EXERCISE OBJECTIVE
Your task is to write out every line of the data exactly. Drop the pictures.

[Records from a dataset]
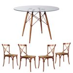 Conjunto De Mesa Eiffel Redondo Tampo De Madeira 90cm Branco Com 4 Cadeiras Cobre Assento Corano BegConjunto De Mesa Eiffel Redondo Tampo De Madeira 90cm Branco Com 4 Cadeiras Cobre Assento Corano BegA sua cozinha ou sala de jantar ficará completa com esse lindo Conjunto de Mesa e Cadeiras! Contendo um design de móveis moderno, elegante e com uma ousada combinação de cores em harmonia com o cobre, esse é um kit que certamente é uma solução que esbanja estilo, elegância e muito requinte.O conjunto tem em sua diversificada estrutura de materiais com altíssima qualidade, com acabamento em cobre, que proporciona muito mais resistência, mesmo com o passar dos anos, e com seus 4 assentos Katrina Aço é ideal para um jantar em família sem abrir mão do conforto. O Kit acompanha versatilidade e combina com vários tipos de decoração, o que dá mais praticidade em sua casa.Informações técnicas Conjunto:Conteúdo da Embalagem: 01 Mesa e 04 Cadeiras (Embalados Separadamente).Instruções/Cuidados: Limpar com pano seco ou levemente umedecido com água.Necessita de Montagem? Sim.Mesa:Modelo: Eiffel WoodTipo: Redonda Cor do tampo: Branco - VidroCor da base dos pés: CobreMaterial do tampo: MadeiraMaterial dos pés: MadeiraDimensões: Altura: 76 cm // Largura: 90 cm // Profundidade: 90 cm Cadeiras:Modelo: KatrinaCor: Cobre e BegeMaterial da estrutura: Aço CobreMaterial do assento: Espuma D14 com Revestimento em Corano.Dimensões: Altura: 90 cm // Largura: 50 cm // Profundidade: 55 cmConjunto de Mesa Eiffel Redondo Tampo de Madeira 90cm Branco com 4 Cadeiras Cobre Assento Corano Beg
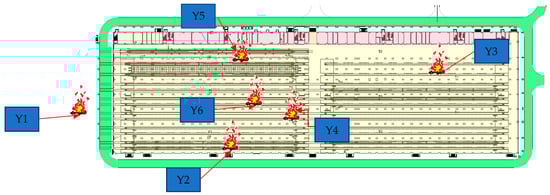 Based on the above literature, we conservatively selected a fire scale of 20 MW for the van, and selected 6 m × 2 m for the size of the van. Based on the above analysis, the fire types and scales of this project were determined as shown in Table 5.
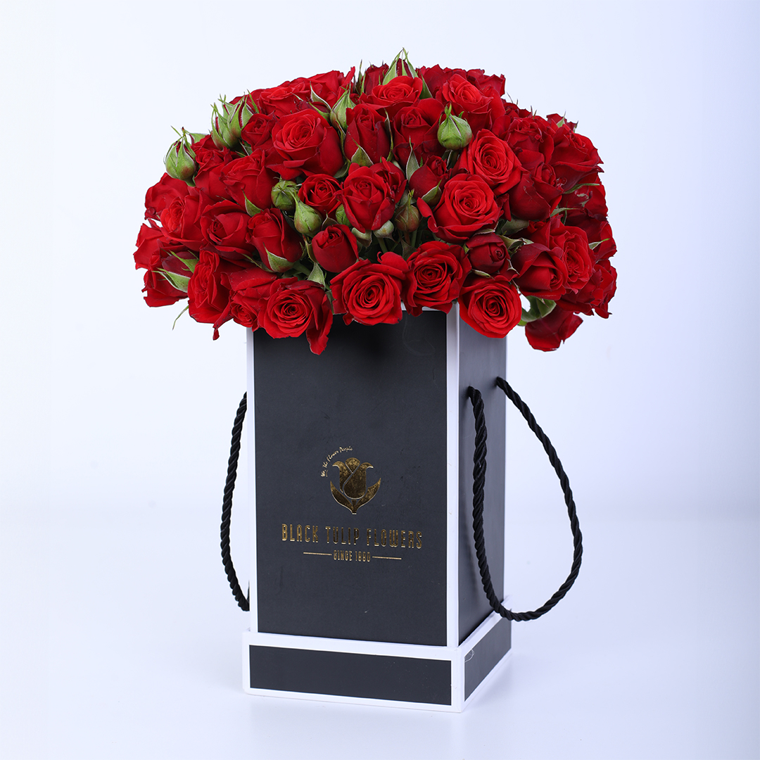 20 Red Spray Roses in Black Box
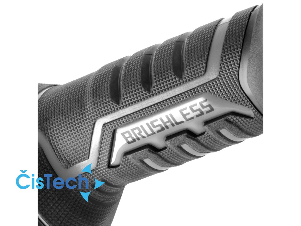 Bezuhlíkový motor. Vyšší výkon – méně tření, méně ztrát → více energie jde přímo do pohybu, nářadí pracuje rychleji a efektivněji.
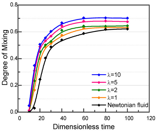 where A and f are the amplitude and frequency of the modulating signal, respectively. A, f, and P are all dimensionless. A was set at 0.8 to ensure a large pressure modulation while keeping the absolute pressure positive during the driving process. f was set at 1. P0 was the same as that in the constant pressure case, 3500. The change in the degree of mixing in cross-section S within one period was studied when pressures in Equation (21) were applied to the viscoelastic fluid case. Under the above driving pressure, the concentration distributions at t = 120 in the Newtonian fluid and viscoelastic fluid cases are shown in Figure 5, respectively. The transition region between the blue (low concentration) and red (high concentration) fluids expanded significantly when the pressure was modulated compared to when the pressure was constant, indicating that pressure modulation greatly improves mixing efficiency. Meanwhile, the concentrations in the converging channel were no longer uniformly distributed along the channel due to the pressure changes over time. At times P1 < P2, higher concentration fluid from inlet I2 will enter the converging channel. The converse happens when P1 > P2. In other words, the two fluids will alternatively enter the mixing channel in larger amounts. Due to the large width of the subsequent expanded channel, the small amounts of fluids introduced during one pressure cycle will start to expand and convect with each other. In this way, better mixing can be realized. In addition, we can also see that the larger discontinuous portion of fluid alternated more in the converging channel for the viscoelastic fluid case compared to the Newtonian fluid case, which indicates a higher mixing efficiency in the viscoelastic fluid. This was confirmed by investigating the degree of mixing at the cross-section S for both fluids. Figure 6 compares the mixing of a viscoelastic fluid with a different relaxation time and a Newtonian fluid. Mixing increased with the relaxation time and became stable at t = 80 for all fluids. The Newtonian fluid had the lowest degree of mixing of 0.62. Mixing gradually increased from 0.63 to 0.70 as the relaxation time λ increased from 1 to 10. This is because a higher relaxation time indicates a larger elastic stress, which leads to more convection in the fluid. Compared to the condition of constant pressure, the degree of mixing increased from 0.15 to 0.61 for the Newtonian fluid case under modulated pressure and from 0.25 to 0.68 for a viscoelastic fluid with λ of 5.
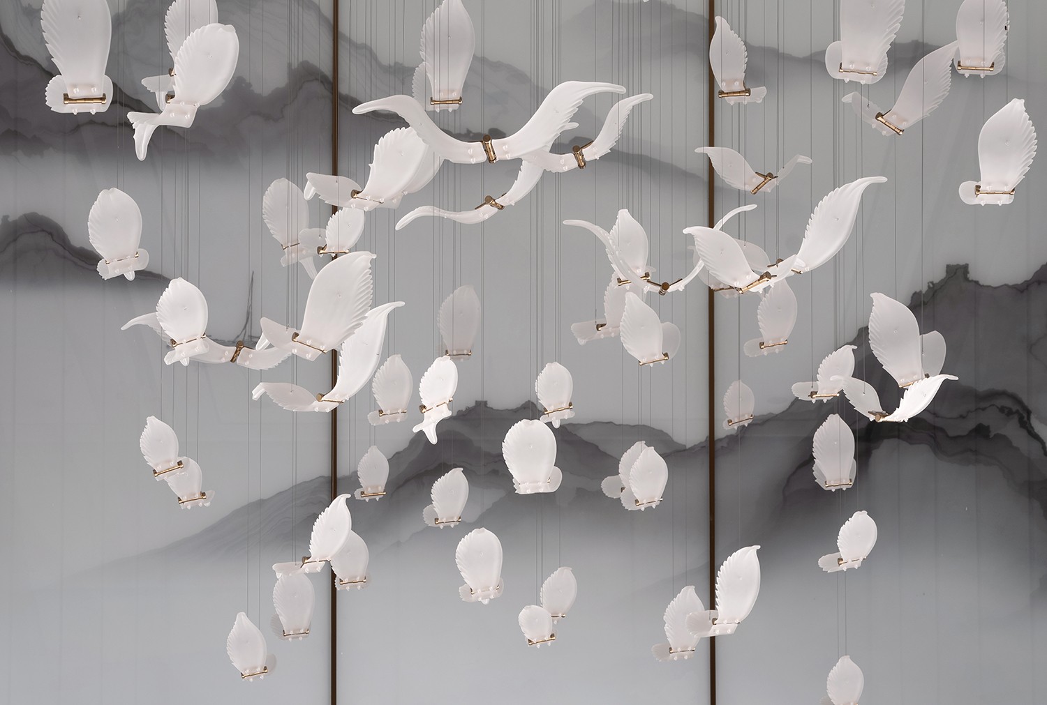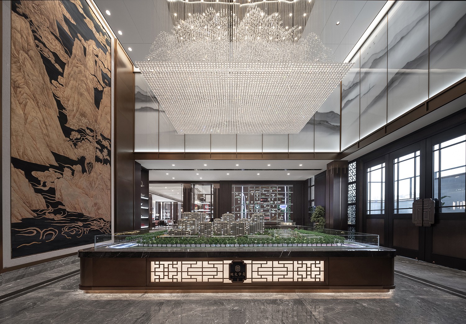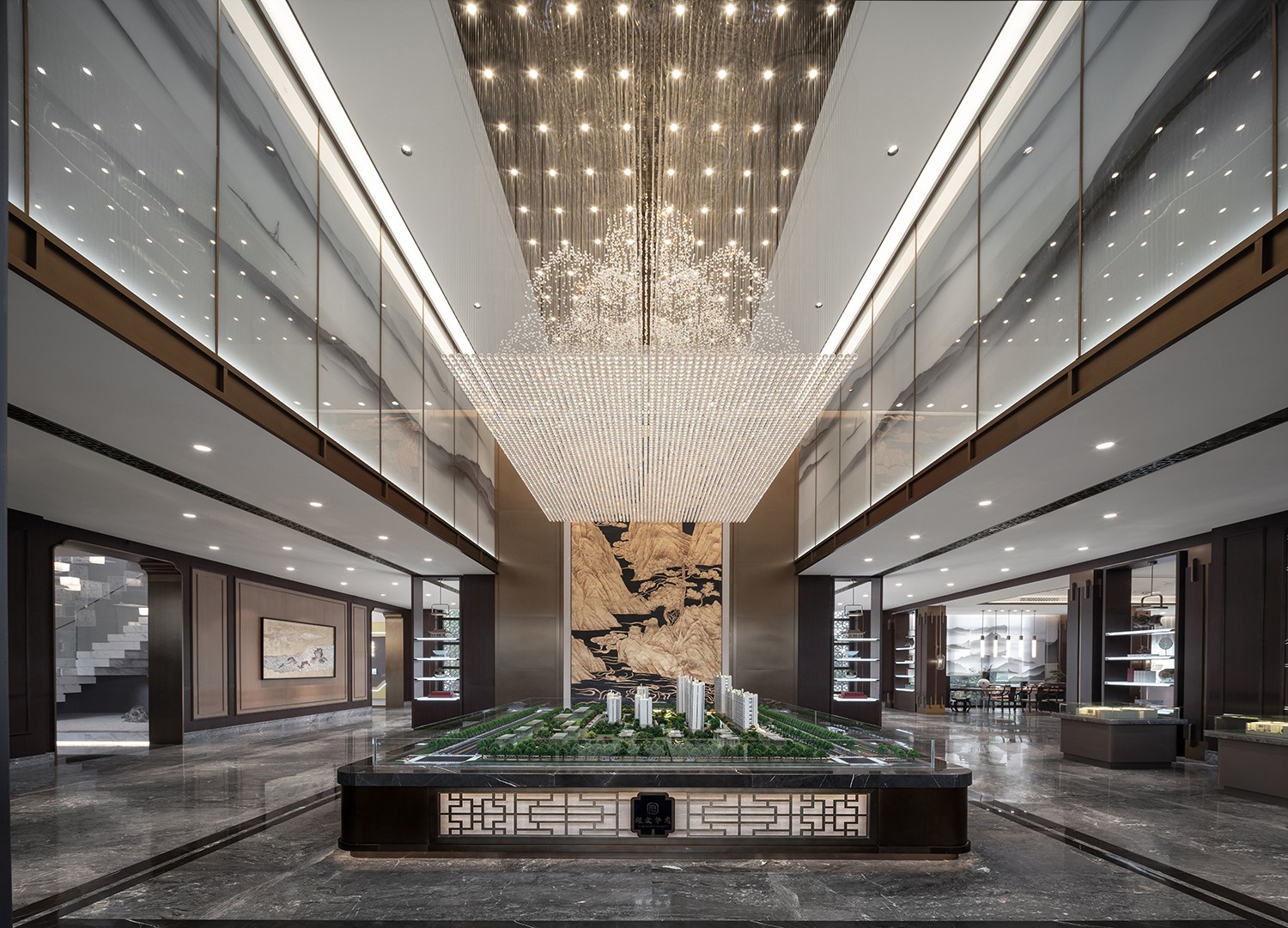 山水巨作配以高挑的空间,使整个楼盘熠熠生辉,大型水晶吊灯每一颗都散发出自身的光芒来照亮这片福地下的人们。黄古铜不锈钢的使用将整个空间的气质稳稳地拿捏着。
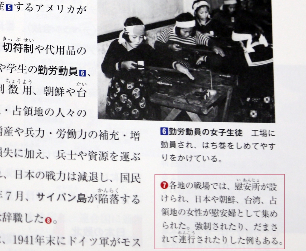 예를 들어 '역사총합 근대로부터 현대로'는 "각지의 전장(戰場)에는 위안소가 설치돼 일본이나 조선, 대만, 점령지의 여성이 위안부로 모집됐다. 강제되거나 속아서 연행된 예도 있다"고 일본군 위안부 문제에 관해 설명했다.
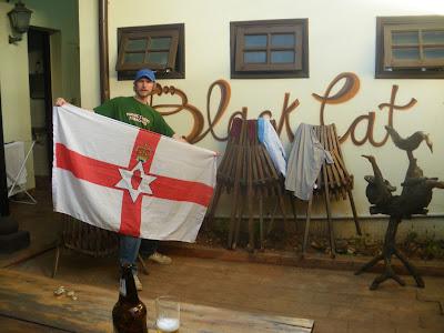 Of course my travelling Northern Ireland flag had to get an airing in the Black Cat.
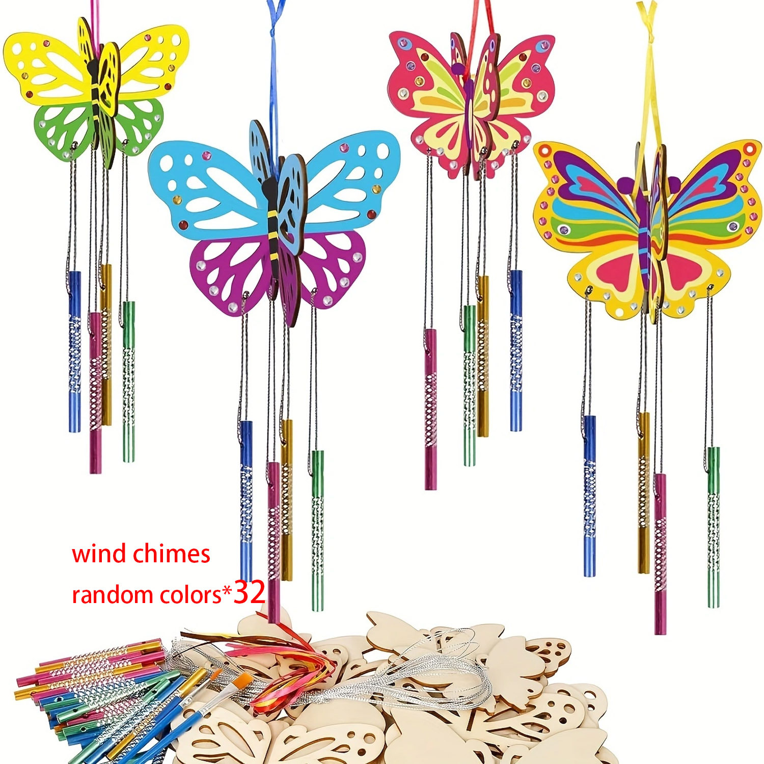 new butterfly-8 random styles +32 wind chimes + silver string + diamonds
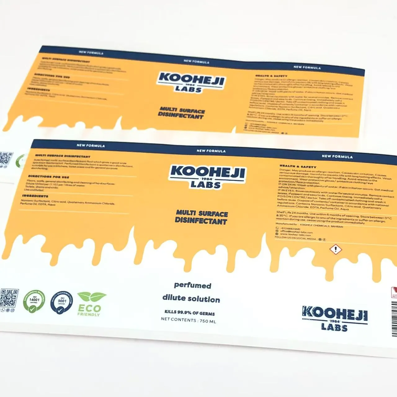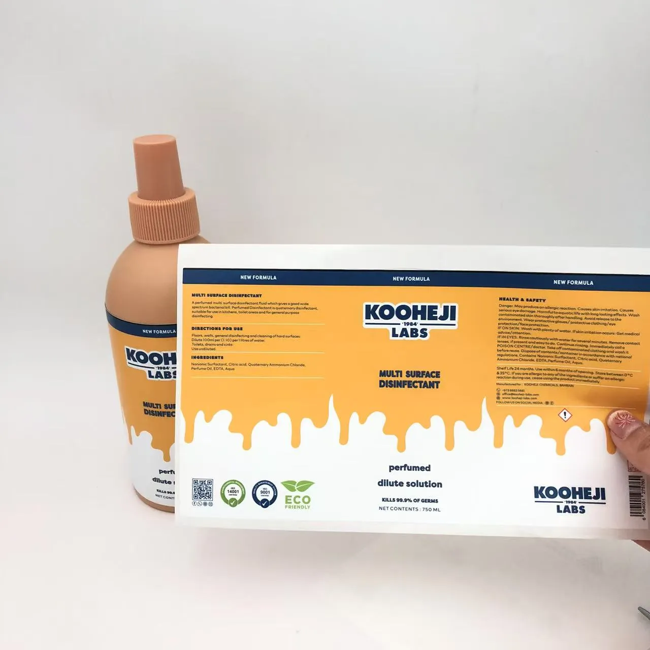Minangka pemasok label kemasan China sing dipercaya, JOJO Pack mimpin produksi label kemasan botol disinfektan, nawakake label kemasan grosir lan layanan label botol khusus. Produk kita nduweni kinerja tahan alkohol, tahan banyu. Pilih kita kanggo tuku label murah sing ningkatake nilai merek lan daya saing pasar.
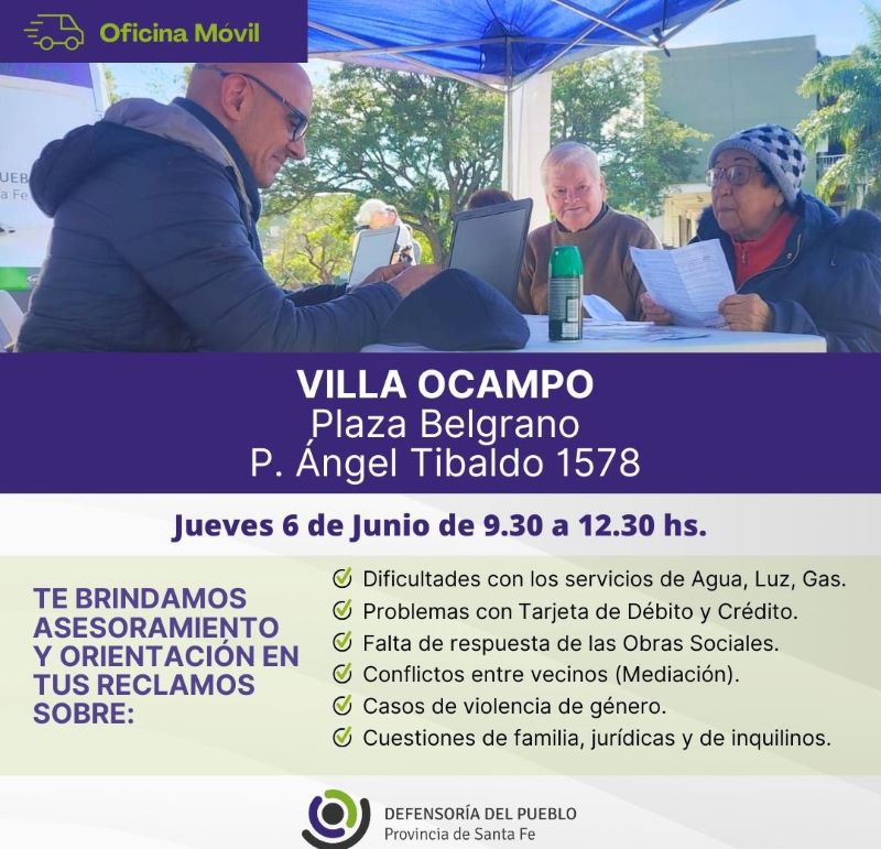 La Oficina Municipal de Información al Consumidor (OMIC) gestionó la presencia en esta ciudad de la Oficina Móvil de la Defensoría del Pueblo de la Provincia de Santa Fe.

YOUR SOLUTION
 Conjunto De Mesa Eiffel Redondo Tampo De Madeira 90cm Branco Com 4 Cadeiras Cobre Assento Corano BegConjunto De Mesa Eiffel Redondo Tampo De Madeira 90cm Branco Com 4 Cadeiras Cobre Assento Corano BegA sua cozinha ou sala de jantar ficará completa com esse lindo Conjunto de Mesa e Cadeiras! Contendo um design de móveis moderno, elegante e com uma ousada combinação de cores em harmonia com o cobre, esse é um kit que certamente é uma solução que esbanja estilo, elegância e muito requinte.O conjunto tem em sua diversificada estrutura de materiais com altíssima qualidade, com acabamento em cobre, que proporciona muito mais resistência, mesmo com o passar dos anos, e com seus 4 assentos Katrina Aço é ideal para um jantar em família sem abrir mão do conforto. O Kit acompanha versatilidade e combina com vários tipos de decoração, o que dá mais praticidade em sua casa.Informações técnicas Conjunto:Conteúdo da Embalagem: 01 Mesa e 04 Cadeiras (Embalados Separadamente).Instruções/Cuidados: Limpar com pano seco ou levemente umedecido com água.Necessita de Montagem? Sim.Mesa:Modelo: Eiffel WoodTipo: Redonda Cor do tampo: Branco - VidroCor da base dos pés: CobreMaterial do tampo: MadeiraMaterial dos pés: MadeiraDimensões: Altura: 76 cm // Largura: 90 cm // Profundidade: 90 cm Cadeiras:Modelo: KatrinaCor: Cobre e BegeMaterial da estrutura: Aço CobreMaterial do assento: Espuma D14 com Revestimento em Corano.Dimensões: Altura: 90 cm // Largura: 50 cm // Profundidade: 55 cmConjunto de Mesa Eiffel Redondo Tampo de Madeira 90cm Branco com 4 Cadeiras Cobre Assento Corano Beg
 Based on the above literature, we conservatively selected a fire scale of 20 MW for the van, and selected 6 m × 2 m for the size of the van. Based on the above analysis, the fire types and scales of this project were determined as shown in Table 5.
 20 Red Spray Roses in Black Box
 Bezuhlíkový motor. Vyšší výkon – méně tření, méně ztrát → více energie jde přímo do pohybu, nářadí pracuje rychleji a efektivněji.
 where A and f are the amplitude and frequency of the modulating signal, respectively. A, f, and P are all dimensionless. A was set at 0.8 to ensure a large pressure modulation while keeping the absolute pressure positive during the driving process. f was set at 1. P0 was the same as that in the constant pressure case, 3500. The change in the degree of mixing in cross-section S within one period was studied when pressures in Equation (21) were applied to the viscoelastic fluid case. Under the above driving pressure, the concentration distributions at t = 120 in the Newtonian fluid and viscoelastic fluid cases are shown in Figure 5, respectively. The transition region between the blue (low concentration) and red (high concentration) fluids expanded significantly when the pressure was modulated compared to when the pressure was constant, indicating that pressure modulation greatly improves mixing efficiency. Meanwhile, the concentrations in the converging channel were no longer uniformly distributed along the channel due to the pressure changes over time. At times P1 < P2, higher concentration fluid from inlet I2 will enter the converging channel. The converse happens when P1 > P2. In other words, the two fluids will alternatively enter the mixing channel in larger amounts. Due to the large width of the subsequent expanded channel, the small amounts of fluids introduced during one pressure cycle will start to expand and convect with each other. In this way, better mixing can be realized. In addition, we can also see that the larger discontinuous portion of fluid alternated more in the converging channel for the viscoelastic fluid case compared to the Newtonian fluid case, which indicates a higher mixing efficiency in the viscoelastic fluid. This was confirmed by investigating the degree of mixing at the cross-section S for both fluids. Figure 6 compares the mixing of a viscoelastic fluid with a different relaxation time and a Newtonian fluid. Mixing increased with the relaxation time and became stable at t = 80 for all fluids. The Newtonian fluid had the lowest degree of mixing of 0.62. Mixing gradually increased from 0.63 to 0.70 as the relaxation time λ increased from 1 to 10. This is because a higher relaxation time indicates a larger elastic stress, which leads to more convection in the fluid. Compared to the condition of constant pressure, the degree of mixing increased from 0.15 to 0.61 for the Newtonian fluid case under modulated pressure and from 0.25 to 0.68 for a viscoelastic fluid with λ of 5.
 山水巨作配以高挑的空间,使整个楼盘熠熠生辉,大型水晶吊灯每一颗都散发出自身的光芒来照亮这片福地下的人们。黄古铜不锈钢的使用将整个空间的气质稳稳地拿捏着。
 예를 들어 '역사총합 근대로부터 현대로'는 "각지의 전장(戰場)에는 위안소가 설치돼 일본이나 조선, 대만, 점령지의 여성이 위안부로 모집됐다. 강제되거나 속아서 연행된 예도 있다"고 일본군 위안부 문제에 관해 설명했다.
 Of course my travelling Northern Ireland flag had to get an airing in the Black Cat.
 new butterfly-8 random styles +32 wind chimes + silver string + diamonds
Minangka pemasok label kemasan China sing dipercaya, JOJO Pack mimpin produksi label kemasan botol disinfektan, nawakake label kemasan grosir lan layanan label botol khusus. Produk kita nduweni kinerja tahan alkohol, tahan banyu. Pilih kita kanggo tuku label murah sing ningkatake nilai merek lan daya saing pasar.
 La Oficina Municipal de Información al Consumidor (OMIC) gestionó la presencia en esta ciudad de la Oficina Móvil de la Defensoría del Pueblo de la Provincia de Santa Fe.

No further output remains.